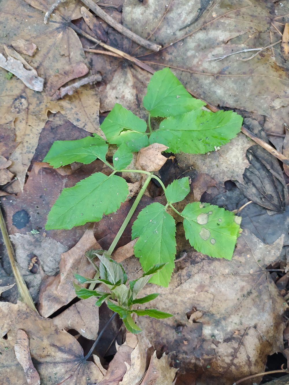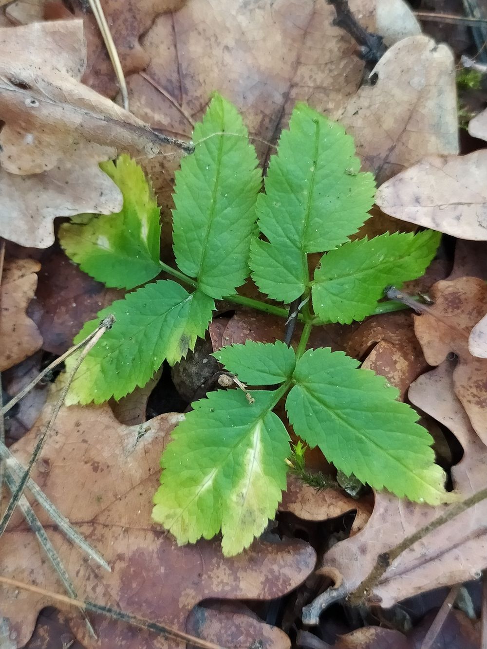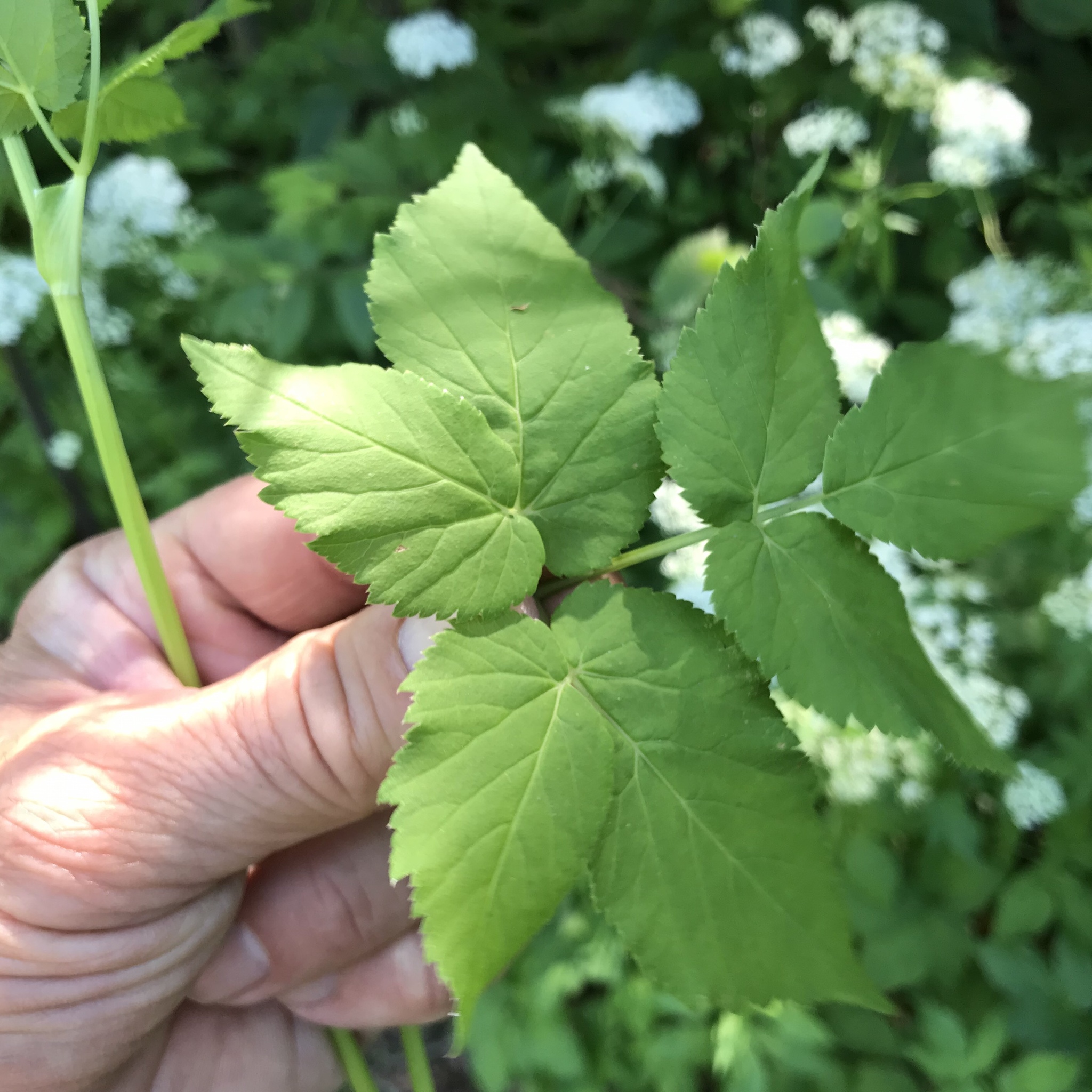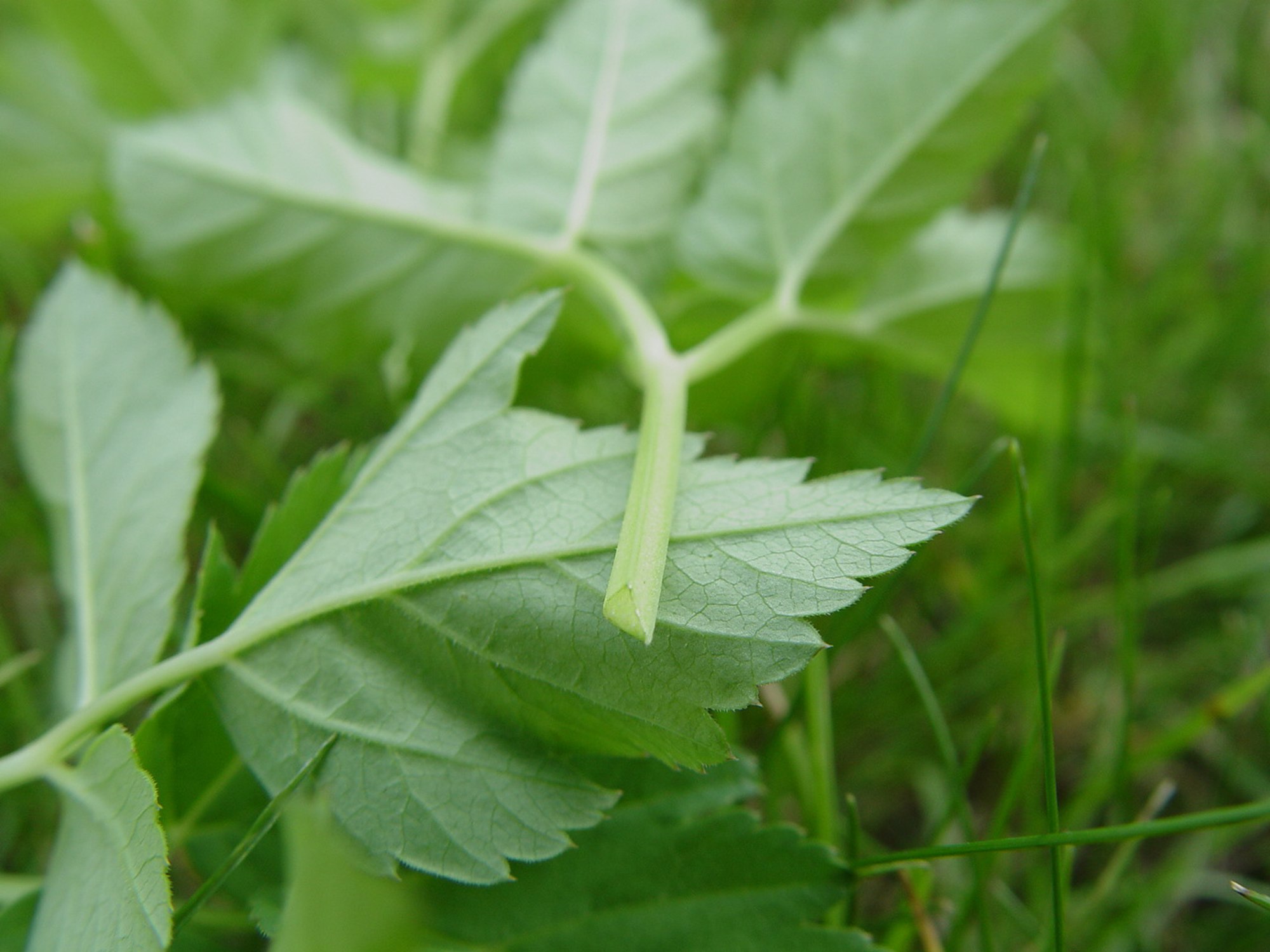 - feuilles inférieures longuement pétiolées, biternées, à folioles larges de 3-4 cm, ovales-lancéolées, aiguës, inégalement dentées en scie, les caulinaires sessiles sur la gaine et ternées
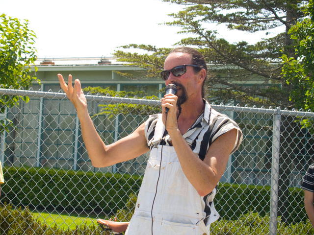 A memorial rally and bike ride took place in Santa Cruz on August 16th. At Bay View Elementary School, Takashi Yogi rode his bicycle to generate power for an amplified sound system. Speakers addressed the crowd, composed of mostly cross-town type bikers, about the need for safer transportation conditions for people commuting without automobiles, such as students that walk and bike to schools.
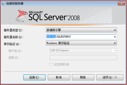 6. 打开SQL Server Management Studio,连接到数据库引擎服务器。注意选择服务器名称及安装实例,初次连接建议选择Windows身份验证方式。
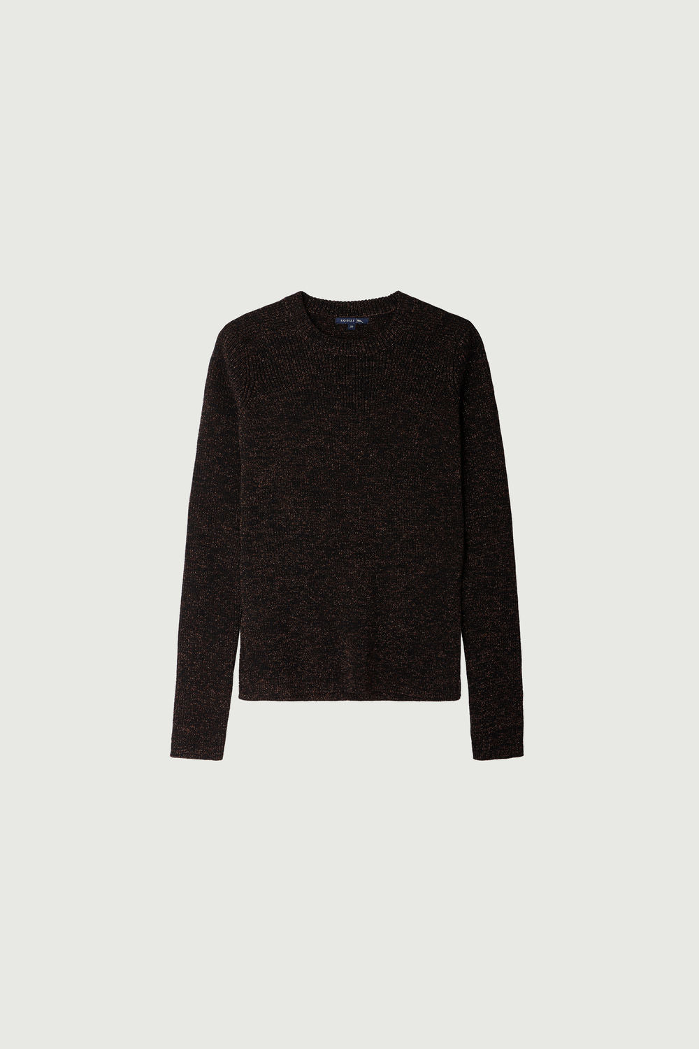 Long-sleeved ribbed pullover in lurex black/caramel
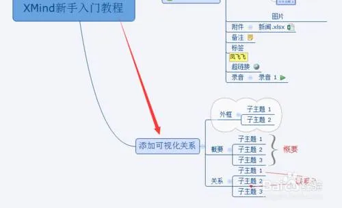 可视化关系主要有外框、概要和联系,为主题添加特殊标记来对主题进行编码和分类、使用箭头展现主题之间的关系和使用外框功能环绕主题组。主要通过快速访问工具栏三个图标进行。
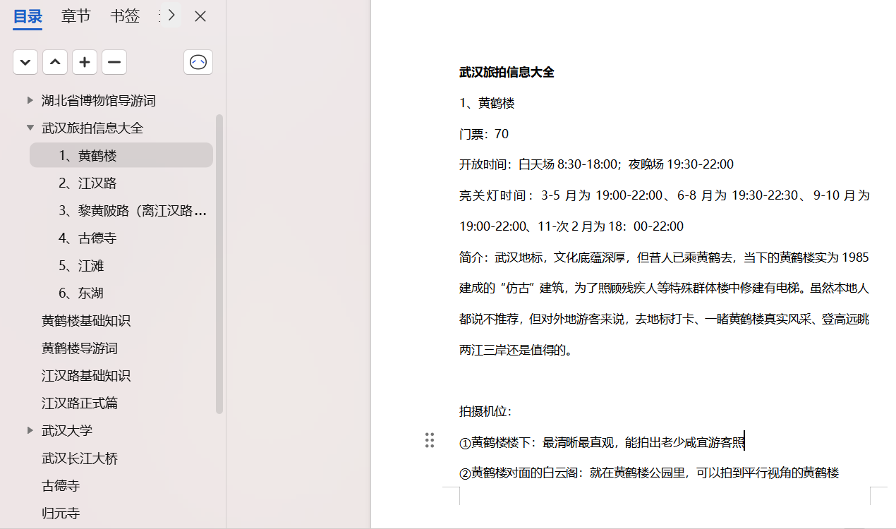 在陪拍过程中,星辰不仅为游客提供了拍照服务,还通过讲解让游客对武汉有了更深入的了解。为此,她特意整理了近三万字的武汉景点文稿,其中包括了详细的拍摄地点、时间和机位信息,以及湖北省博物馆、黄鹤楼、江汉路等地的导游词。在拍摄过程中,她会根据游客的兴趣和需求进行个性化的讲解,让他们在欣赏美景的同时,也能感受到武汉的历史底蕴和文化魅力。
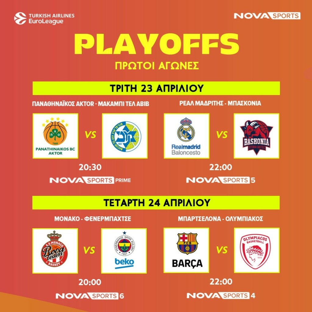 Αθήνα, 22 Απριλίου 2024. Η EuroLeague, η κορυφαία ευρωπαϊκή διασυλλογική διοργάνωση στο χώρο του μπάσκετ που οι φίλοι της πορτοκαλί μπάλας απολαμβάνουν αποκλειστικά στο παρκέ του Novasports με την κορυφαία δημοσιογραφική ομάδα των Playmakers, ετοιμάζεται για το τζάμπολ στα Playoffs! Το Novasports θα είναι εκεί για να καλύψει με τον αρτιότερο τρόπο την προσπάθεια του Παναθηναϊκού AKTOR κόντρα στην Μάκαμπι Τελ Αβιβ και του Ολυμπιακού κόντρα στην Μπαρτσελόνα για πρόκριση στο Final Four του Βερολίνου, καθώς και τα άλλα δύο ζευγάρια Ρεάλ Μαδρίτης – Μπασκόνια και Μονακό – Φενέρμπαχτσε.
┄┄┄┄┄┄┄┄┄┄
**Exercise objective**
Reproduce, word for word, only the lines in the records above from the line with "Long-sleeved ribbed pullover" through the line with "可视化关系主要有外框、概要和", including both ends; omit the pictures.

**Written answer**
 Long-sleeved ribbed pullover in lurex black/caramel
 可视化关系主要有外框、概要和联系,为主题添加特殊标记来对主题进行编码和分类、使用箭头展现主题之间的关系和使用外框功能环绕主题组。主要通过快速访问工具栏三个图标进行。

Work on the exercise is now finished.